===== Supplied data

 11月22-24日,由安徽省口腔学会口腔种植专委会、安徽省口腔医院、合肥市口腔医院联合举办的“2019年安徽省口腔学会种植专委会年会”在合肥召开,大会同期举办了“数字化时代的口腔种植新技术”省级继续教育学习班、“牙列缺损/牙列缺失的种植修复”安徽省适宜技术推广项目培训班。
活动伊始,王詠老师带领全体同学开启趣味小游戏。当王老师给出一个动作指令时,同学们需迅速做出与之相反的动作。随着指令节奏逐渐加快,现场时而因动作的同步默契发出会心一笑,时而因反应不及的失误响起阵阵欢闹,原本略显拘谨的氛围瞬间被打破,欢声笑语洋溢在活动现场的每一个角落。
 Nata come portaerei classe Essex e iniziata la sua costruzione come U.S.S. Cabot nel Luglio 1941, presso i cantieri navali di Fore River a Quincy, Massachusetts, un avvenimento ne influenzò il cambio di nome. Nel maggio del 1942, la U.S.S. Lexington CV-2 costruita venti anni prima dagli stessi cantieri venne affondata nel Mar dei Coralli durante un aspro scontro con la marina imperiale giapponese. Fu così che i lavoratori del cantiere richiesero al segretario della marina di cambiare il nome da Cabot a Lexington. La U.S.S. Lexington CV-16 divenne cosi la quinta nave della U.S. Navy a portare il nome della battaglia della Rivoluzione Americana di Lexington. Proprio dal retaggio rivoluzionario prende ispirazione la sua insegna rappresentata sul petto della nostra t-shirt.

==========

[What to do] Could you write the whole listing out again, line for line?

[Finished task]
 11月22-24日,由安徽省口腔学会口腔种植专委会、安徽省口腔医院、合肥市口腔医院联合举办的“2019年安徽省口腔学会种植专委会年会”在合肥召开,大会同期举办了“数字化时代的口腔种植新技术”省级继续教育学习班、“牙列缺损/牙列缺失的种植修复”安徽省适宜技术推广项目培训班。
活动伊始,王詠老师带领全体同学开启趣味小游戏。当王老师给出一个动作指令时,同学们需迅速做出与之相反的动作。随着指令节奏逐渐加快,现场时而因动作的同步默契发出会心一笑,时而因反应不及的失误响起阵阵欢闹,原本略显拘谨的氛围瞬间被打破,欢声笑语洋溢在活动现场的每一个角落。
 Nata come portaerei classe Essex e iniziata la sua costruzione come U.S.S. Cabot nel Luglio 1941, presso i cantieri navali di Fore River a Quincy, Massachusetts, un avvenimento ne influenzò il cambio di nome. Nel maggio del 1942, la U.S.S. Lexington CV-2 costruita venti anni prima dagli stessi cantieri venne affondata nel Mar dei Coralli durante un aspro scontro con la marina imperiale giapponese. Fu così che i lavoratori del cantiere richiesero al segretario della marina di cambiare il nome da Cabot a Lexington. La U.S.S. Lexington CV-16 divenne cosi la quinta nave della U.S. Navy a portare il nome della battaglia della Rivoluzione Americana di Lexington. Proprio dal retaggio rivoluzionario prende ispirazione la sua insegna rappresentata sul petto della nostra t-shirt.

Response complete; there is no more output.